INDUCTION: Ric Flair’s Final Match – It Wasn’t At Mania…But It Sure Should Have Been

29 Submitted by on Thu, 27 February 2020, 20:00

TNA, 2011

Before I type another word, let me say one thing, and let me say it emphatically:

I LOVE RIC FLAIR.

Some of you may fail to grasp that concept, especially considering I am inducting his final ever match into WrestleCrap.  That’s insane, right?  The WrestleMania XXIV match against Shawn Michaels was in many ways amazing.  And of course it was Ric’s last bout.  I mean, just ask Google.  It will tell you:

But there’s just one issue.  

Google is wrong.

And to that end, I should also note something else and I will also do it equally emphatically:

RIC FLAIR’S FINAL MATCH WAS NOT AT WRESTLEMANIA.  

IT WAS NOT AGAINST SHAWN MICHAELS.

Ok, that’s enough crazy large type for one evening. But I felt it necessary to lay some ground rules tonight since I know there is a large portion of the world that will simply look at “Ric Flair final match” and “WrestleCrap: The Very Worst of Pro Wrestling” and think I am a friggin’ idiot.  

I’m not.

And let me say one more thing – the Shawn-Flair match is one I would never, ever induct.  While it wasn’t off the charts, it was a bout that had a ton of drama and told a story that was incredibly emotional.  
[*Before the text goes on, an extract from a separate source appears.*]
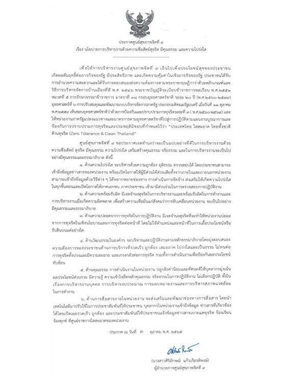 นโบายการบริหารงานด้วยความซื่อสัตย์สุจริต มีคุณธรรม โปร่งใส

The Raw the following night which served as the tribute to Flair’s amazing legacy was one of the greatest wrestling shows I’ve ever seen.  It was truly a fitting end to the career of one of the true all time greats in the business.

Except, again…it was NOT the end of Ric’s career.  No, you see, following that big send off Ric didn’t go home.  Instead he went to… 
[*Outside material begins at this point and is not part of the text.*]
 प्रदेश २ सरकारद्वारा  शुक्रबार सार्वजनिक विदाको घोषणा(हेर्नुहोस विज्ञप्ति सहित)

…TNA-Impact of all places!

And that last match Flair had?  The incredible one folks genuinely loved?  Not the finale.  In fact, the final time Flair stepped foot in the ring as an active competitor, he didn’t know the curtains were about to close on his career.  There was no real planning, no storyline, nothing.  

It was anything but WrestleMania.

Despite what Google would tell you, Ric Flair’s final match didn’t take place at WrestleMania – it took place on a random episode of Impact. September 15, 2011 to be precise.  And while all this sounds like an utter disaster, it did have one thing – one thing – going for it.  
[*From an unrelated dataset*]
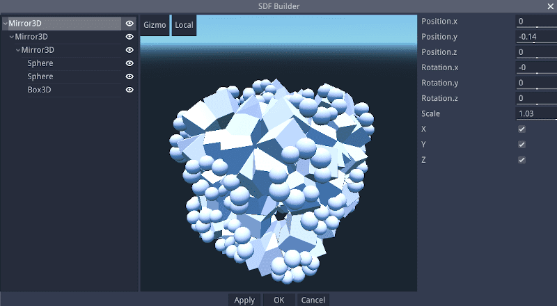 - EasySDFノードが3Dプリミティブ、オペレータ、トランスフォームで拡張:複雑なレイマルシェ図形を作成するために使用可能

That would be his opponent:

Amazingly, in what would be Flair’s swan song, he would in fact take on none other than Sting.  

Flair and the Stinger had an amazing rivalry, dating back to the 1980s and the legendary Clash of the Champions encounter that in many ways cemented Sting as a true super star in the business.  The pair had countless bouts throughout the 90s.  They were in fact the final match on the final Nitro that ever aired.  So while nothing else about this night was in any way, shape, or form fitting to be Flair’s farewell to active competition, at least his opponent was.

As the two circled each other and for a moment…for a moment…it was like 1988 all over again.  

But then the match started in earnest and…well…

…it all fell apart.

And it was just kinda sad.

Not kinda in fact – it was REALLY sad.

The legendary Nature Boy could barely move.  You could tell he was giving it everything he had but depressingly there was just nothing left in the tank.  The poor guy was moving in slow motion.  It was just heartbreaking to see.

Even his legendary mane was gone – seriously, watch the clip above closely. Is that the top of Flair’s head or is it Hulk Hogan’s?

And remember the chop battles of yore?

What on earth is this?  

A game of patty cake?

No idea there.  But it was just a hint of what was to come.

The entire encounter can be summed up thusly: Flair in molasses, desperately trying to conjure up magic long gone.  

I don’t know if this is really the very worst of pro wrestling, but it is definitely the most depressing of pro wrestling.

It then became the most horrifying of pro wrestling, as Flair naturally went to the top rope to be hurled to the mat. If we saw this once in his career, we saw it 10,000 times.  But on this occasion, poor Ric barely cleared his rotation, almost landing right on top of his head.  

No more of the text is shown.